**SOURCE DATA**
--

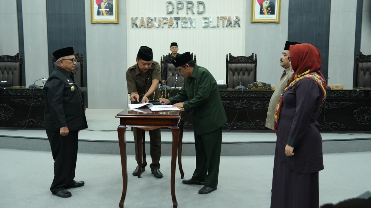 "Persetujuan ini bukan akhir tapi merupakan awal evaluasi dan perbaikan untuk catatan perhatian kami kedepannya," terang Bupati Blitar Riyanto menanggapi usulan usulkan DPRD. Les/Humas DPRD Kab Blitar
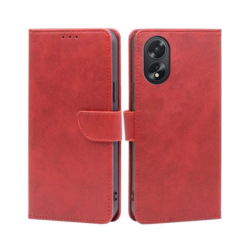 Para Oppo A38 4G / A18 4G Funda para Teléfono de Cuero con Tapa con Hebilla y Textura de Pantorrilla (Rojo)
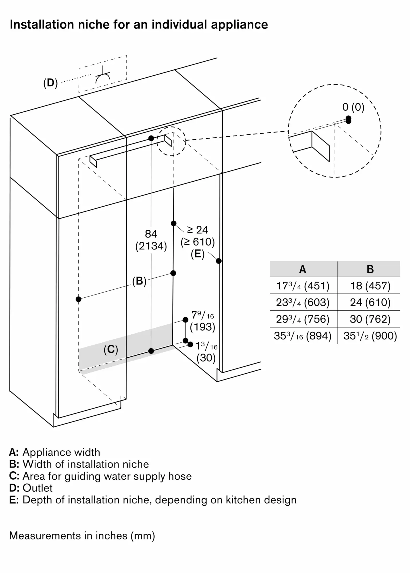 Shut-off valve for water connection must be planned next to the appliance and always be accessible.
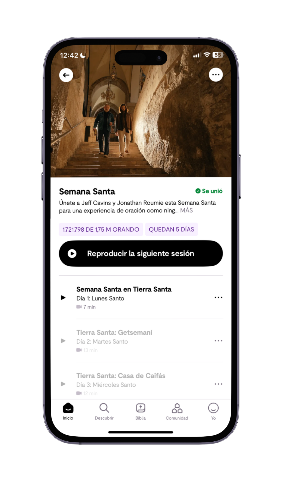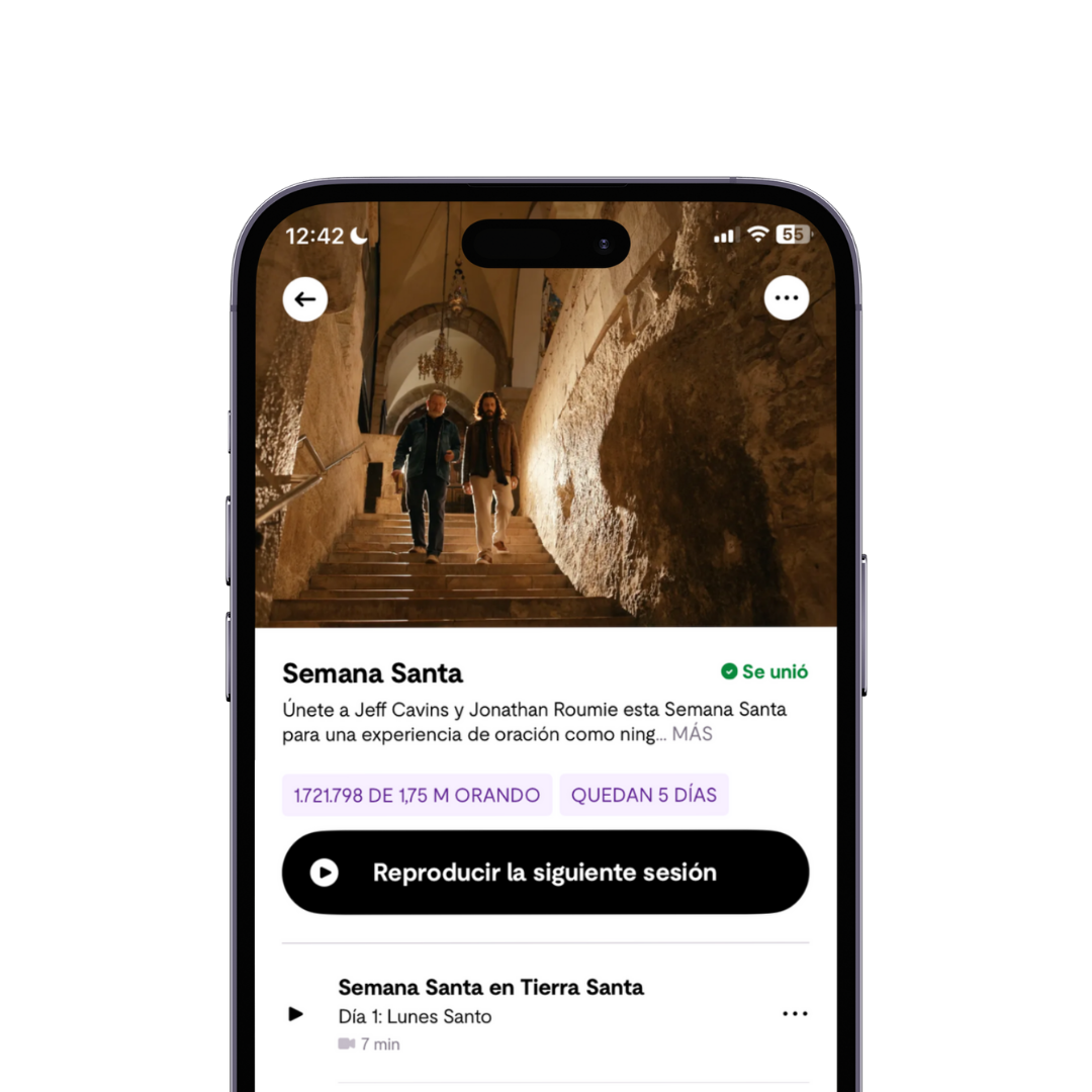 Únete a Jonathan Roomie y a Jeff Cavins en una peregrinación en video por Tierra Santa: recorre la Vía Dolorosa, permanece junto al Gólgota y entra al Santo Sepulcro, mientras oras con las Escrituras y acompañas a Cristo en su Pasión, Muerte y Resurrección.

--

**WHAT TO WORK ON**
All that is needed is an exact copy of the lines from the line with "Shut-off valve for" through the end of the listing, both ends included, with no pictures.

**FINISHED TASK**
 Shut-off valve for water connection must be planned next to the appliance and always be accessible.
 Únete a Jonathan Roomie y a Jeff Cavins en una peregrinación en video por Tierra Santa: recorre la Vía Dolorosa, permanece junto al Gólgota y entra al Santo Sepulcro, mientras oras con las Escrituras y acompañas a Cristo en su Pasión, Muerte y Resurrección.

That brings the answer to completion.